In Adrian Tomine's latest collection of graphic short stories, Killing and Dying, broken people navigate clumsily through their lives. Whether revving wheels that seem permanently stuck in the mud or trudging away from an emotional car crash, gingerly checking themselves for injury, Tomine's characters do eventually arrive at some form of peace or at least stasis – or some of them do, anyway.
Tomine has been writing and drawing Optic Nerve since the age of 16; Killing and Dying is the latest hardbound collection of stories from the Optic Nerve series, and it continues its tradition of quiet devastation captured in minimal lines.
The clarity of Tomine's cool, spare drawings is matched by the sharpness of his observations; he has a phenomenal ability to create fully realized characters in fully realistic situations, often killingly painful, though sometimes lightened with a redeeming moment or two of joy. The title story, about a teenage girl with a stutter who wants to do stand-up, catalogs every cringe, every pain, every fragile hope with staggering economy. Killing and Dying seems to have been dicated by that still small voice in the night – the one that tells you what a fuckup you are and then, in the next breath, tells you it'll all be OK.
Killing and Dying
by Adrian Tomine | Drawn & Quarterly | 123 pages
Quirky is a word that sets my teeth on edge, and yet I can't argue with its inevitable application to Kate Beaton's comics. That adjective denoting a blend of oddball and endearing fits, and so Beaton wears it, though it's annoyingly reductive. There's quirk in the way she applies modern-day perspective to historical events, and in her loose, scribbly line, but do not be deceived by it: There's also the deep and broad knowledge of world events only a history major would possess, and those innocuously wiggly sketches manage to depict utterly specific emotions, evoking reaction with a millimeter's precision while looking like a dashed-off doodle.
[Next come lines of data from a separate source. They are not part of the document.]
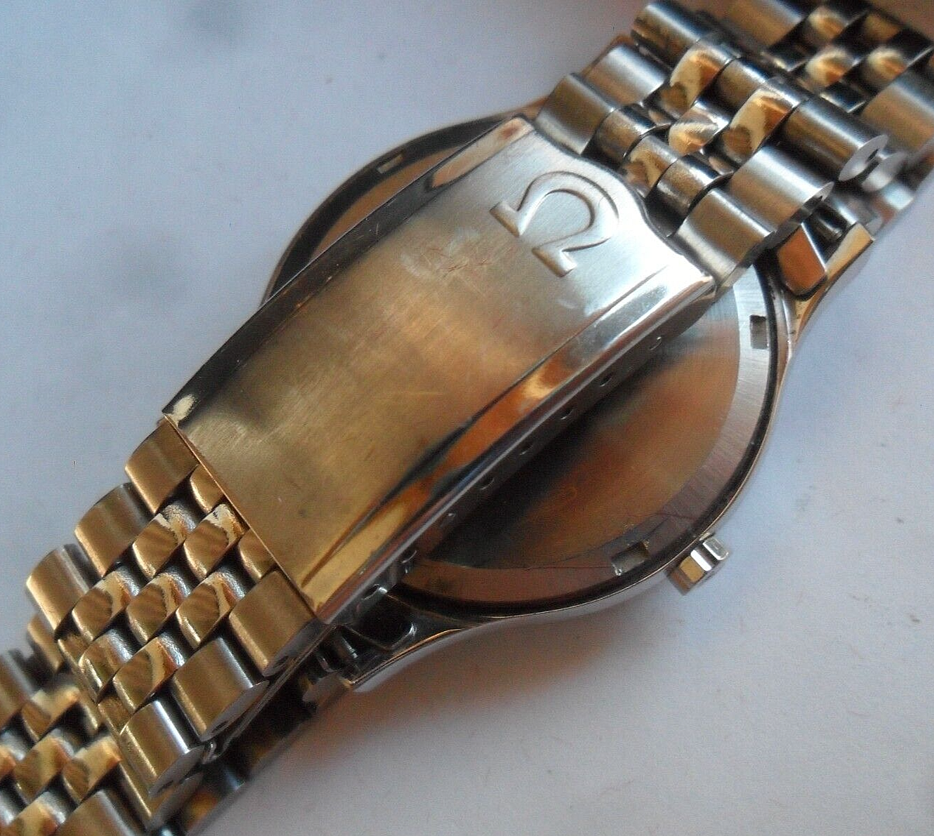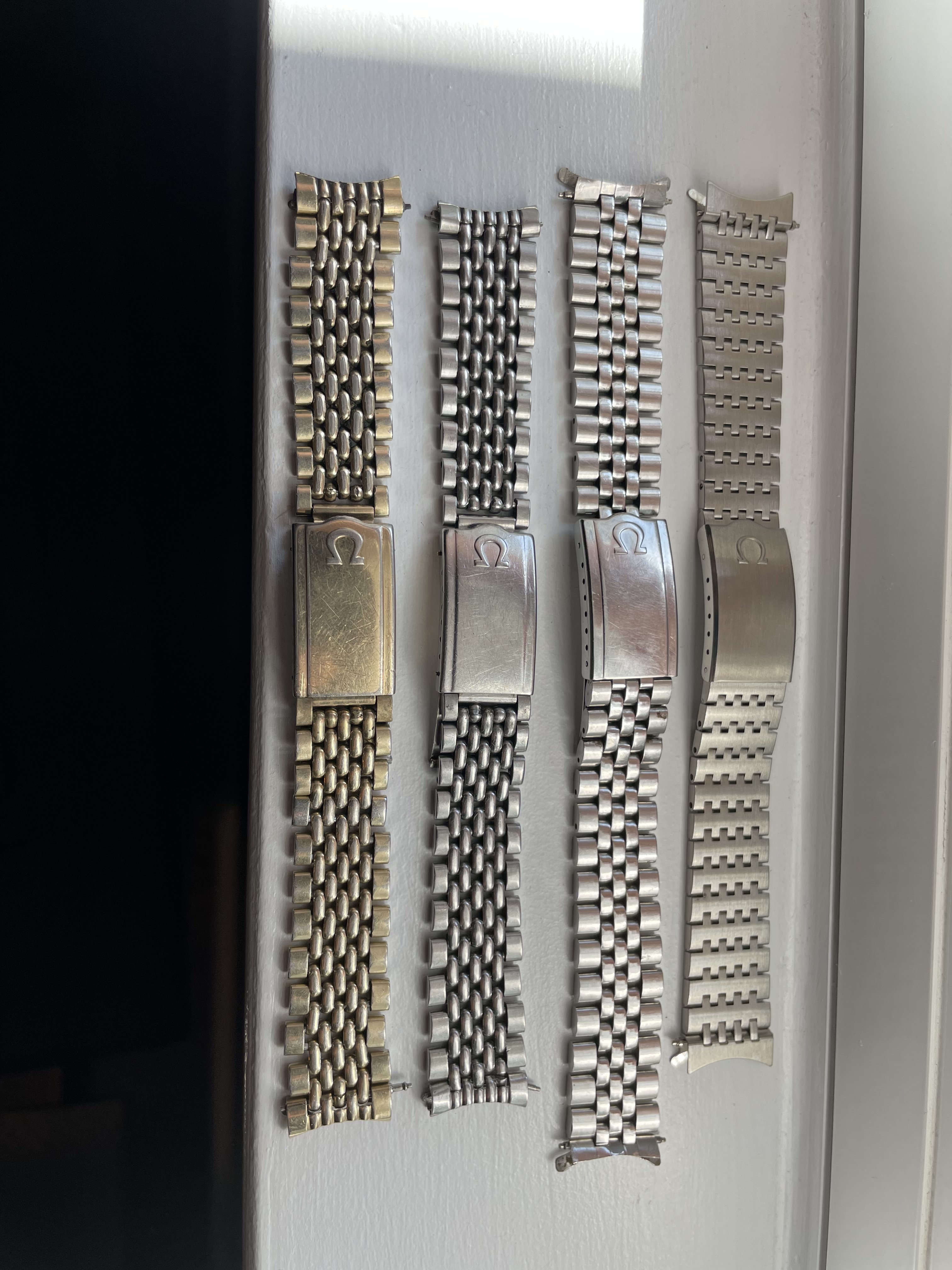Cut to a few weeks ago, I'm again scrolling eBay at some wee hour of the morning, as one normally does, I came across a similar Omega No.12 clasp with the jubilee style round bottom links available for sale, albeit without end links. Turned out that it was the same bracelet that was posted here on OF (first set of images with the blue background). After some quick back and forth the seller and I agreed on a price, I decided to purchase the bracelet, and it arrived shortly there after.
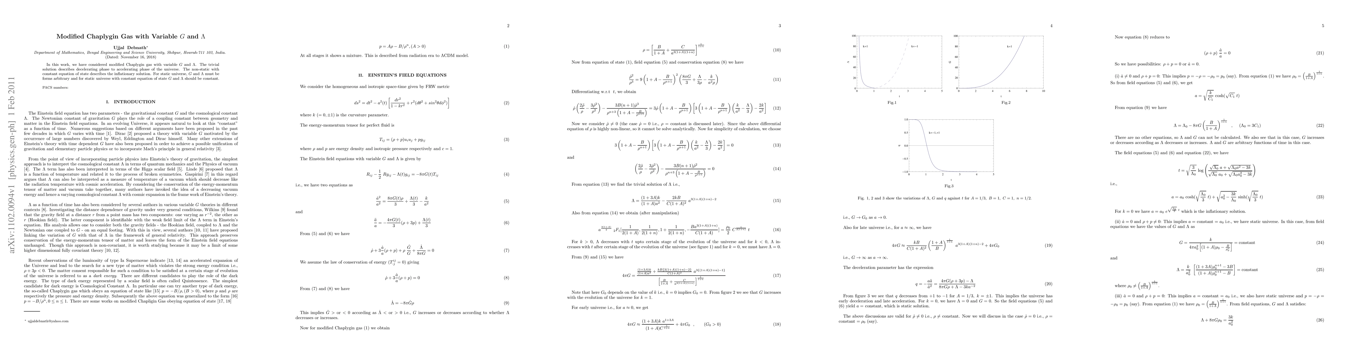 The paper presents detailed derivations of equations governing the modified Chaplygin gas model with variable G and $\Lambda$, providing expressions for $\rho$, $\Lambda$, and $G$ as functions of scale factor $a$.
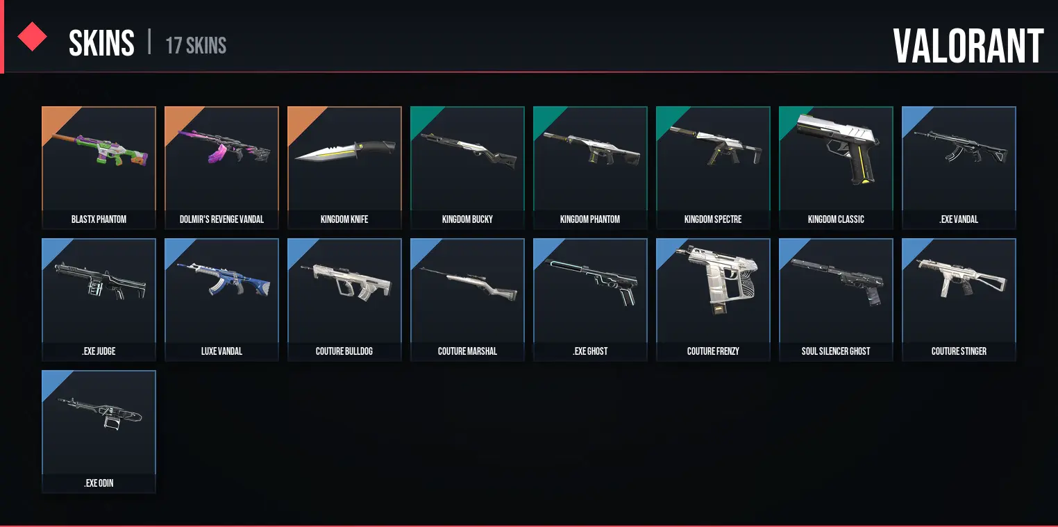 17 Skins / 5225 VP SPENT / Kingdom Knife / BlastX Phantom
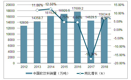 我国软饮料行业进入短暂调整期,但未来前景依旧十分乐观。2017、2018年连续两年产量出现下降,但是销量在2018年却并没有延续下降趋势,企业积压库存得到处理,在一定程度上减轻了企业的生产成本和发展压力,销量继续保持增长也证明了下游市场需求依旧庞大。2018年我国软饮料行业销量为15634.8万吨,较上年同比增长6.87%。
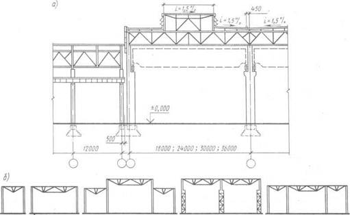 Рис. 7.2. Стальной каркас одноэтажного производственного здания: а - из стандартных унифицированных элементов; 6 - то же, из легких несущих конструкций комплектной поставки
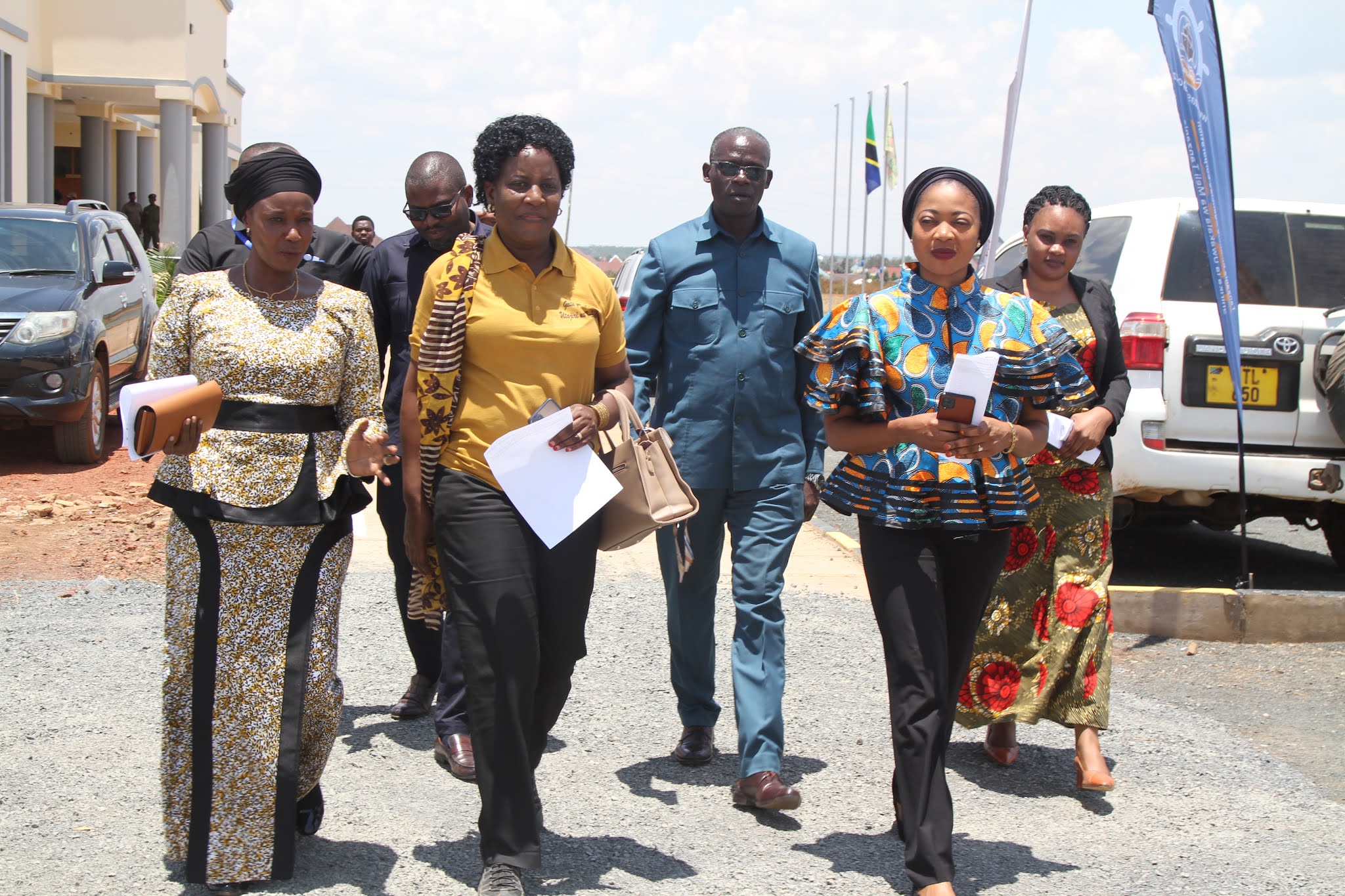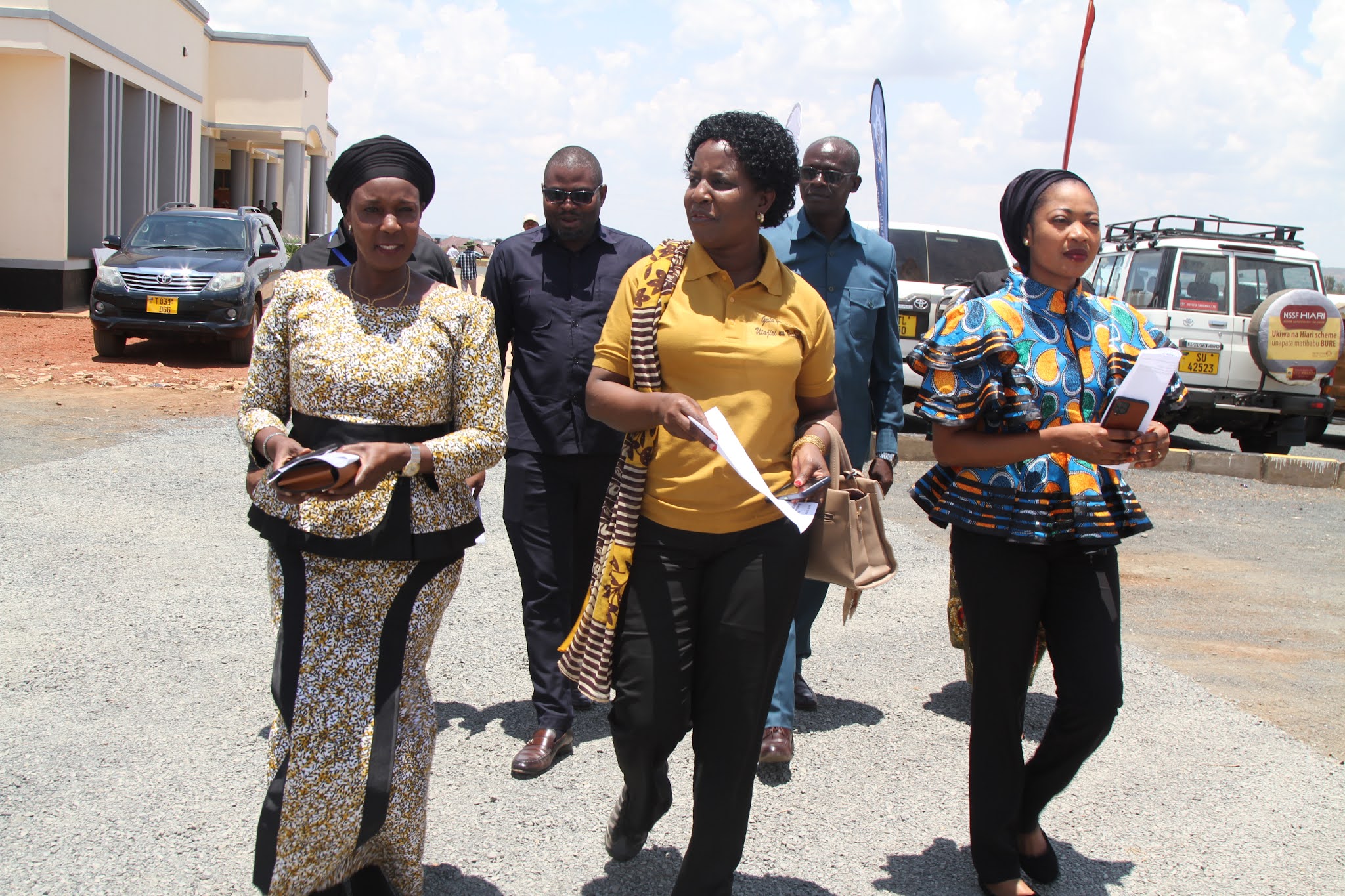Mwanasheria wa Wizara ya Madini Godfrey Nyakisinda (wa kwanza kushoto) akizungumza mbele ya Mkuu wa Mkoa wa Geita Rosemary Senyamule (kulia) wakati wa ziara ya viongozi kutembelea mabanda katika maonesho ya Madini Mjini Geita. (wa pili kushoto) ni Kaimu Kamishna wa uongezaji thamani kutoka Wizara ya Madini Betha Luzabiko.
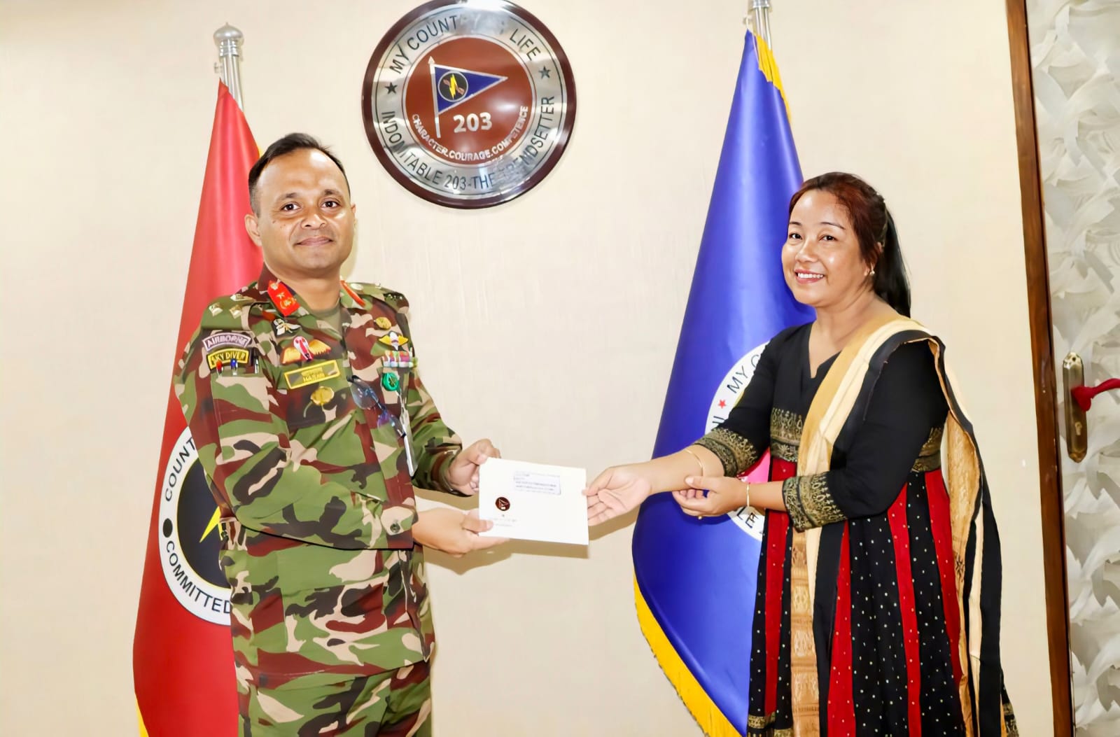 আসন্ন শারদীয় দুর্গাপূজা সুষ্ঠুভাবে উদযাপনের লক্ষ্যে বাংলাদেশ সেনাবাহিনীর ২০৩ পদাতিক ব্রিগেড ও খাগড়াছড়ি রিজিয়নের উদ্যোগে জেলার ২৯টি পূজা মণ্ডপে শুভেচ্ছা উপহার প্রদান করা হয়েছে।
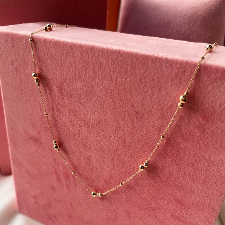 Denne halskæde fra Scrouples i 8 kt. guld har et let og elegant udtryk med små kugler placeret med fine mellemrum langs kæden. Det giver et roligt og feminint look, som er nemt at kombinere med resten af din smykkesamling.
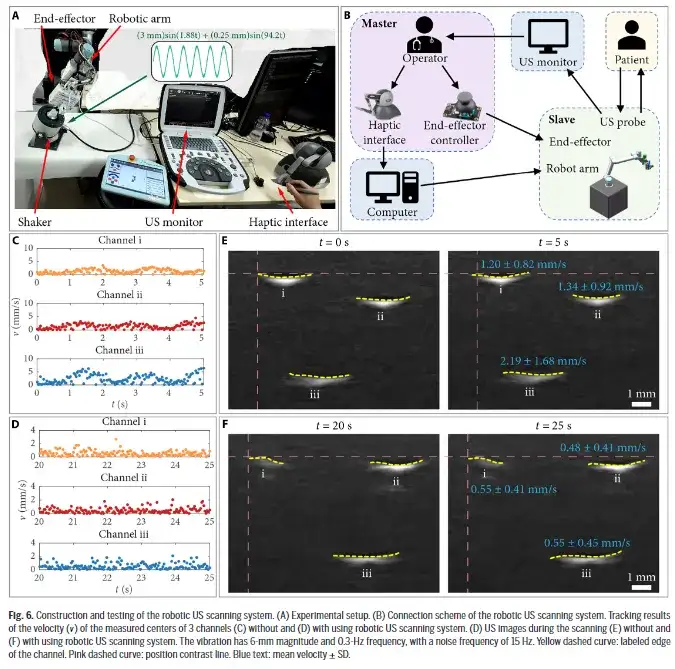 为了直观展示这种抗干扰能力对超声成像的影响,研究者对内含三个通道的硅胶模型进行了测试。结果显示,在振动干扰下,使用HFCE获取的超声图像远比手动操作稳定。具体来说,当使用该机器人系统时,图像中特征点的平均速度仅为0.53-0.56mm/s,远低于手动操作时的波动值。

For people of a certain bent, Beaton's "Hark! A Vagrant" has been an addiction since its inception in 2007. Once it found a home on the web, it became a regular stop on the Internet daily rounds, though with an irregular publishing schedule, there's no knowing when a new comic will be up. Her mix of obscure historical detail, literary obsessions, Canadiana and pop-culture noodlings attracts a surprisingly large following, most of whom will no doubt purchase Step Aside, Pops – who'd predict that a collection of riffs on sea captains, the Brontë sisters, Danton and Robespierre, Nancy Drew and Ida B. Wells would catch fire?
But it does. Like all the best jokes, it's impossible to explain why a multi-page ramble through the life of a minor character in a Janet Jackson video from 1986, or a series of "continuations" from scenes depicted in antique stock art, or even just Napoleon huffily explaining that he's not really that short, is funny – you have to see it to feel it. Sure, you can see a lot of it for free online, but for those moments when you're away from the web, Step Aside, Pops exists to keep you entertained. There's even a helpful index, so you can flip right to your favorite character, from Achilles to Zeus.